Then, the physical portion began. Neither opponent was provided with headgear at the start — something Swanberg remembers being promised beforehand — but nevertheless, both men began “throwing wild punches” in a fight he said “felt real.”
“It was a brutal slaying of Devin,” said League. “And Devin was really mad at the end of it. He had knocked his [eye] contact out, and he shouldn’t have been wearing contacts.” The safety risks of wearing contact lenses during combat sports have been debated, with some medical professionals believing they increase the likelihood of injury.
“He kind of dropped down to his knees and was sort of fishing around for his contact lens,” said Swanberg. “Then he requested headgear, which they were supposed to give us. To his credit, I think he was a little bit like, ‘What the fuck? We were supposed to already have this.’ So he put on his headgear but just to be a punk, I declined the headgear. That got a huge reaction from the crowd, and then we went again.”
The Debates include two boxing rounds, one minute each. By the time Faraci went down, Swanberg said the temperature in the room had shifted — and Faraci became upset.
“I immediately went up to him afterwards, and I tried to tell him that I thought that the debate was really funny,” Swanberg said. “He was not on that same level.”
Swanberg said he later found Faraci at an afterparty where he expressed admiration for his opponent’s writing talent, and the mood “warmed up.” They took a photograph together, but days later, Swanberg said Faraci became “defensive” and appeared to be “spiraling” online. At one point, Swanberg said, he saw a post from Faraci claiming he’d been hit in the back of the head — which Swanberg disputes.
“Once it hit the internet, it took on this bigger sort of thing,” said Swanberg, who remembers receiving a slew of emails commending his part in the pummeling. “I had a weird feeling afterwards of both victory, and simultaneously, personally, feeling really bad.”

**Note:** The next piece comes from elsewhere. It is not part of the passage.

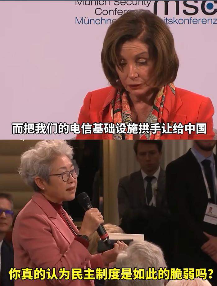 一位神態端莊、滿頭銀髮的中國女士接過話題,旁徵博引、據理力爭,讓佩洛西一時語塞,只能通過強詞奪理強行結束話題。

“I think The Debates are really cool,” he said. “It’s a really fun idea, and nowadays, they probably go to extra lengths to make sure that it’s a positive experience for both people, but it definitely felt like it took on dynamics that were way more real than what I thought was going to happen.”
Anonymous v. Alamo Drafthouse (2018)
Six years after Swanberg vs. Faraci, Fantastic Fest put on a match that resulted in a civil lawsuit from a filmmaker who requested anonymity when approached by IndieWire. He said The Debates left him with permanent brain damage. Asked why he had not gone public with the claim before, the director cited a fear of backlash.
“I’m a genre filmmaker, and that’s the work I want to do,” he said. “I was scared that it would blow back on me and it would even further hinder my career — especially since it’s such a popular festival.”
The 2018 tag-in match included four people: two debating and two boxing. Anonymity has also been extended to the director’s partner in The Debates, a female screenwriter. She performed in the verbal part of the Debate, and they corroborated each other’s accounts of that night.
The director’s boxing opponent from that match — one of several defendants named in the lawsuit with Tim League and Alamo Drafthouse — has also been anonymized. He is a Fantastic Fest staffer who previously worked as a server and projectionist at the dine-in theater chain.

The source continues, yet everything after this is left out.